This is awesome and if it weren't dark outside I would be out trying it right now! Just got the software loaded up, but it isn't showing me the times of the cursor selections. Going to have to fiddle with it a little and get it all figured out. This should be fun.


----------



## Veni Vidi Vici (Jan 23, 2011)

The times should show up down on the bottom bar towards the left when you click on the graph. Make sure you check out my other thread for an improved version!


----------



## droppixel (Nov 5, 2010)

Don't have access to an external mic that I can use for the second option. Did a few runs with my mbp and was getting pretty good sound pickup. If I am analyzing the waveforms correctly I am seeing in the 290s which would put me just about with with the calculators I have seen. Going to try to get on a chrono later today and see if this is close to what the chrono says. I'd be rather happy and surprised if it were.

Thanks for sharing the idea, this is pretty cool. If I can pick up the mic jack I will probably give the other option a try as well.
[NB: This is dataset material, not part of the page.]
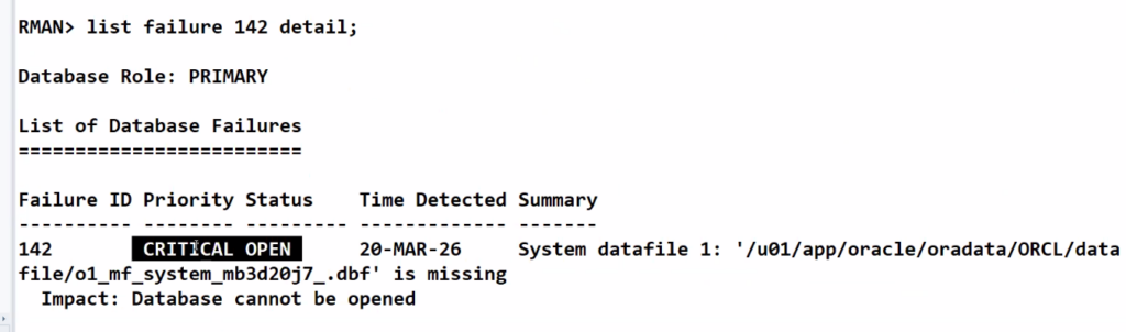 list failure 142 detail;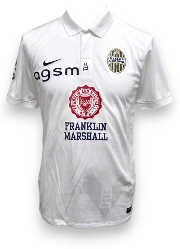 Maglia away Hellas Verona stagione 2014/15, realizzata da Nike personalizzata con Lazaros 20. Sulla manica è applicata la patch Serie A.

Might have an older one hidden in my closet, but not totally sure.


----------



## Veni Vidi Vici (Jan 23, 2011)

droppixel said:


> Don't have access to an external mic that I can use for the second option. Did a few runs with my mbp and was getting pretty good sound pickup. If I am analyzing the waveforms correctly I am seeing in the 290s which would put me just about with with the calculators I have seen. Going to try to get on a chrono later today and see if this is close to what the chrono says. I'd be rather happy and surprised if it were.
> 
> Thanks for sharing the idea, this is pretty cool. If I can pick up the mic jack I will probably give the other option a try as well. Might have an older one hidden in my closet, but not totally sure.


Be sure and post your results!


----------



## jim p (Oct 29, 2003)

Which version of audacity are you using?


----------



## Veni Vidi Vici (Jan 23, 2011)

jim p said:


> Which version of audacity are you using?


v. 1.2.6 (latest version)


----------



## 20ftup (Mar 19, 2007)

Any bets on who puts an arrow into their laptop??? Sounds like a fun thing to try tho


----------



## 09Dreamseason (Feb 11, 2010)

20ftup said:


> Any bets on who puts an arrow into their laptop??? Sounds like a fun thing to try tho


I'm currently building this and going to power the coils on his "improved version" and I thought about that same thing........so I spent a few bucks more and got a 6 foot audio cable at Radio Shack to put my laptop on a table next to me from where I'm shooting. The 6 foot audio cable costs $7 and I picked up an audio jack to solder the coiled wires to in order to have a clean system to plug the audio between the chrony and my laptop audio jack! I'll post pictures in the new "improved" thread when I have it completed.


----------